If we move from input controlling to output controlling, and then from output controlling to outcome controlling, the public value created by tax payers’ money is each time increased. But in order to do so, we have to start evaluating project outputs and outcomes with scrutiny.
Features of the input culture
Typical features of input culture are high success rates, ignorance for key minor steps, and no sense of risk and urgency, whereby the latter can go well hand in hand with regular speed up initiatives.
In the past, Switzerland has monitored the success of its priority projects in e-government, but no one ever heard of a single failure. Maybe I have overlooked one, but in any case the success rate is fantastically close to 100%. And even more, no waste of money was reported. This is the record of several dozens of projects. Question: What does this tell us?
There are many small successes, for example in the area of registers for buildings and living places (link: not available in English) or in the area of government platforms for cantons. These successes are not celebrated and are much less well known than the many long-living construction sites of Swiss e-government. This highlights, that perceived success is not delivery, but doing. Question: What does this tell us?
Switzerland does have success culture in its companies, at least in some, but it lacks a success culture in e-government. Projects are not evaluated in a both clear and differentiated way. Risk registers look like they had been written by students, if they exist at all. This is natural, because if you never fail, you can never understand the concept of risk.
Remarkably enough, contrary to real success, speed does matter in Swiss e-government. And speed is achieved by getting rid of expertise that could block progress. Practitioners work hard to kick out experts – and if they have to invite experts, they invite them from abroad. As a foreign expert, you are usually polite. Personally, I have experienced in Norway, that I was much nicer in evaluations than the locals – although these locals were very charming people. But when the local experts looked at innovation projects, their judgements were harsh. In Switzerland, usually no local experts help foreign experts to benchmark their politeness. Even worse, no academic research deals seriously with success in public innovation. There are no funds for academic scrutiny. Question: What does this tell us?
Different types of accountability
It is important to note, that Switzerland does have a strong accountability. Its public administration is in the large not corrupt at all.
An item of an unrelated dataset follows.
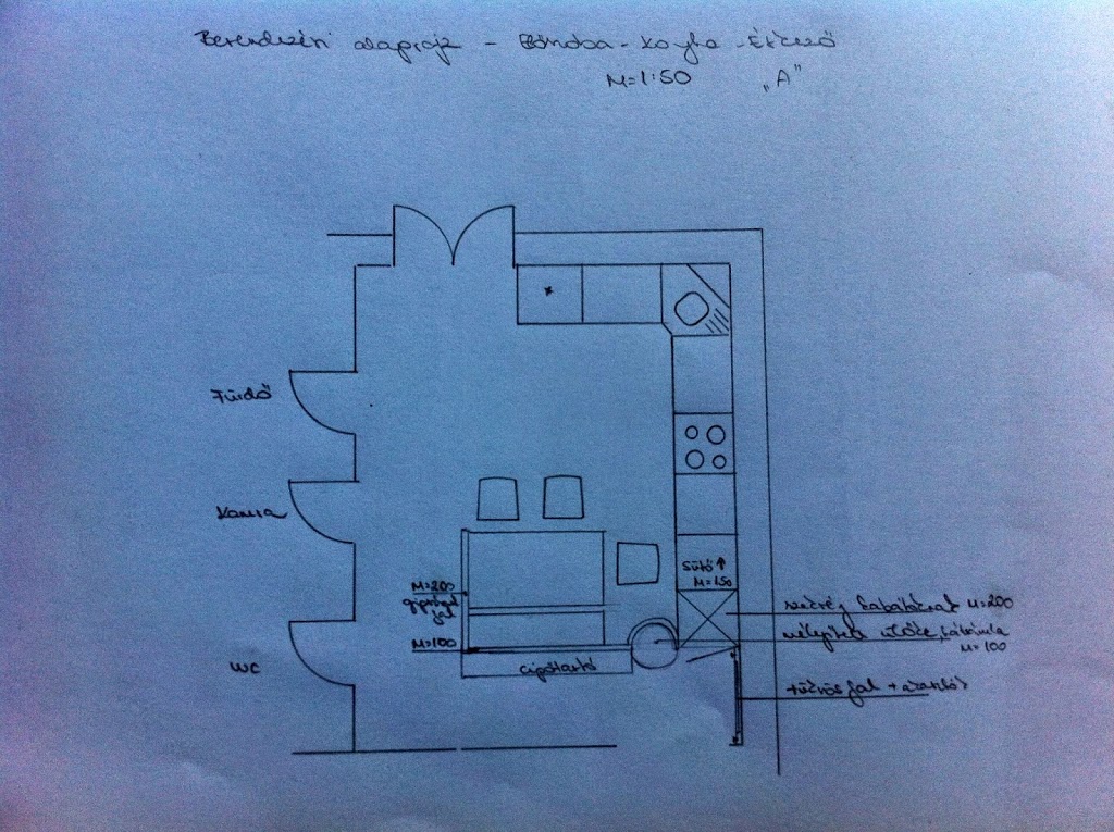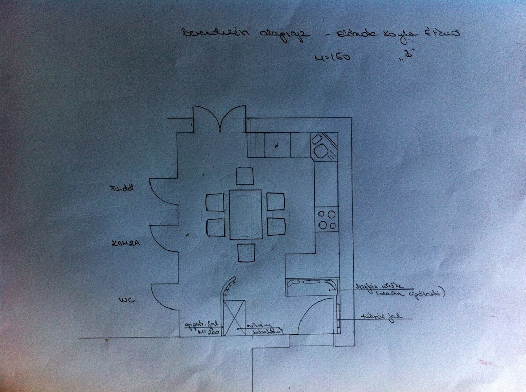 Így nem csoda, hogy ide jutottam 🙂 Amint az 1.részben is olvashattátok, a helyiség méretbeli adottságai nem túl szerencsések, így el kellett vetnünk az eredeti elgondolást, amikoris egyoldalas konyha mennyezetig fut, és a szabadon álló pult biztosítja a vizes blokkot és a munkapultot is.

It outperforms most public administrations of the world – and even most large companies. But it is culturally adapted to a slow change of environment conditions. In such environments it is good enough to hold people accountable for the money they spend. In environments with fast change, this type of traditional accountability fails. There, outcome matters – not input, and not output either. Very good is not excellent enough. And zero or one perspectives do not properly describe the outcome, but you have to look closer to learn for the future.
What should change?
Switzerland has about 13.5 years* to start changing its e-government culture – that is a very looooong time. It is good enough to start up a success culture in 13.5 years. But if we only start in 13.5 years, we shall not be allowed any mistakes anymore. Whoever thinks that she or he does make mistakes, should start earlier. From a practitioner’s point of view – as theory does not make predictions on this – starting last year was on time.
Quite seriously, we have to look closely at the output and the outcome of e-government projects. We have to learn from success and from failure. We have to celebrate the small successful steps, even if they do not look great. We have to keep responsible managers and politicians accountable for outcome, even if they have no ability to fully control it. There is no good or bad management other than successful or unsuccessful management.
A delivery culture demands entrepreneurial behavior. It is simply a myth, that entrepreneurial behavior of managers in public administration contradicts public law. The sovereign wants more than just correct spending of tax payers’ money. And if you do not believe that, ask the sovereign!
* Of course, “13.5 years” is a biblical number. You can equally assume one third of forty years.